Highlights
- Lithium carbonate futures climbed nearly 30% year-to-date to above CNY150,000 per tonne amid capped supply growth.
- Pilbara Minerals shares gained about 70% over the past 90 days ahead of its December 2025 quarterly report.
- Core Lithium identified capital reductions of $35–$45 million at Finniss as part of an updated restart plan.
Global lithium carbonate prices have staged a sharp rebound in early 2026, reversing a prolonged oversupply phase as demand from electric vehicles and grid-scale energy storage accelerates. The renewed price momentum has lifted sentiment across the ASX lithium sector, with Pilbara Minerals Ltd (ASX: PLS) extending its share rally ahead of a key quarterly update, while Core Lithium Ltd (ASX: CXO) advances planning for a cautious restart of its Finniss operation in the Northern Territory.
Lithium Prices Rebound on Policy and Infrastructure Push
Lithium carbonate futures surged to a two-year high in January, supported by a tightening supply outlook and accelerating downstream demand.

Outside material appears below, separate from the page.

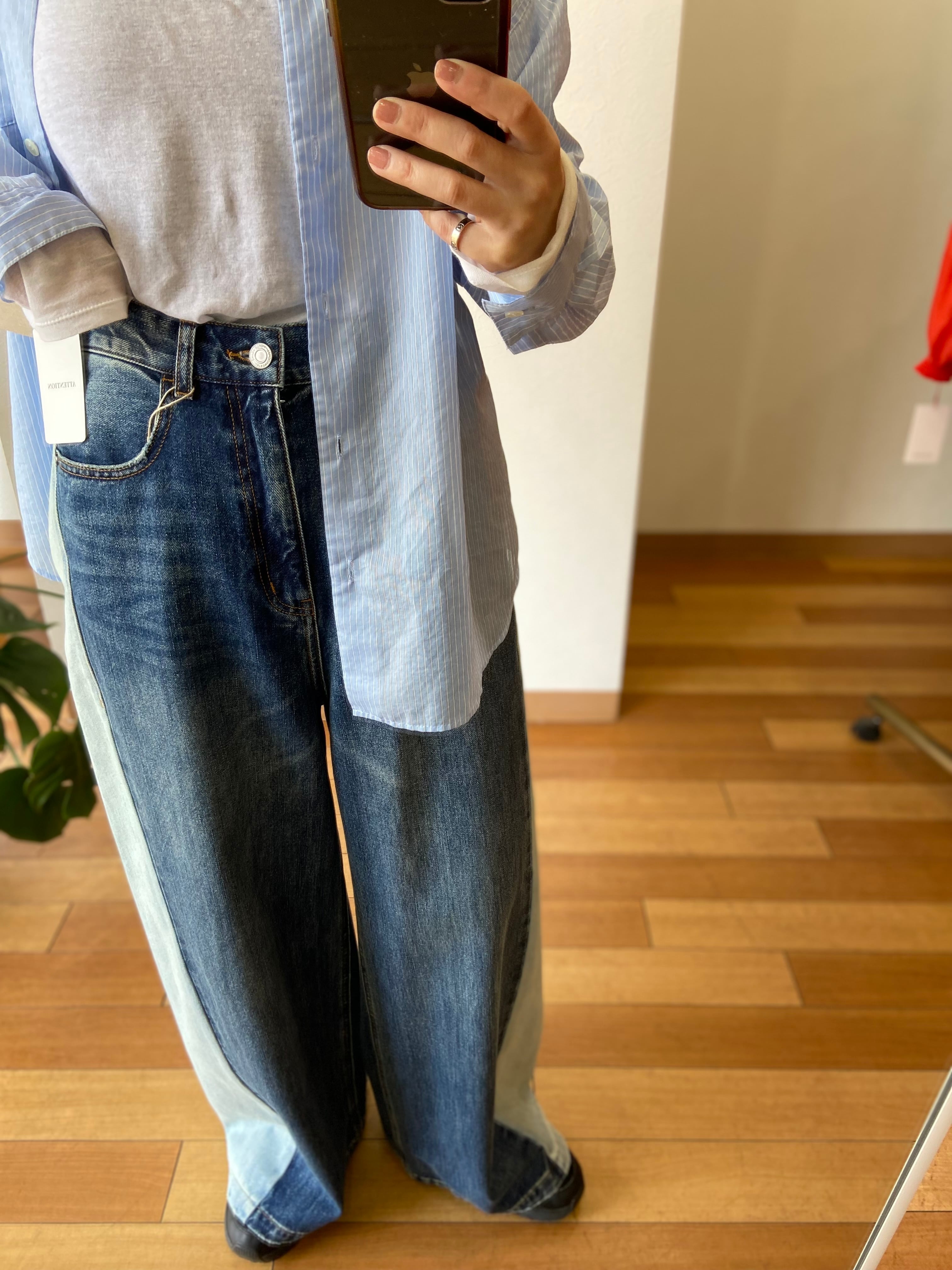 サイド切替ワイドデニムパンツ・cafune

Chinese authorities moved to lower export rebates for battery producers from April, prompting manufacturers to advance lithium procurement schedules.
At the same time, China outlined increased investment in power infrastructure and data centres, alongside higher spending on grid-scale energy storage. Beijing also confirmed plans to double electric vehicle charging capacity to 180 gigawatts by 2027, reinforcing demand expectations for lithium-based storage systems.
Pilbara Minerals Extends Share Rally Ahead of Q4 Update
Pilbara Minerals’ (ASX:PLS) shares were trading around AUD 4.86 per share at the time of writing on 13 January 2026, up about 15.7% year-to-date and nearly 195% over the past six months. The company is scheduled to release its December 2025 Quarterly Activities Report on 30 January 2026, following a solid September quarter production outcome.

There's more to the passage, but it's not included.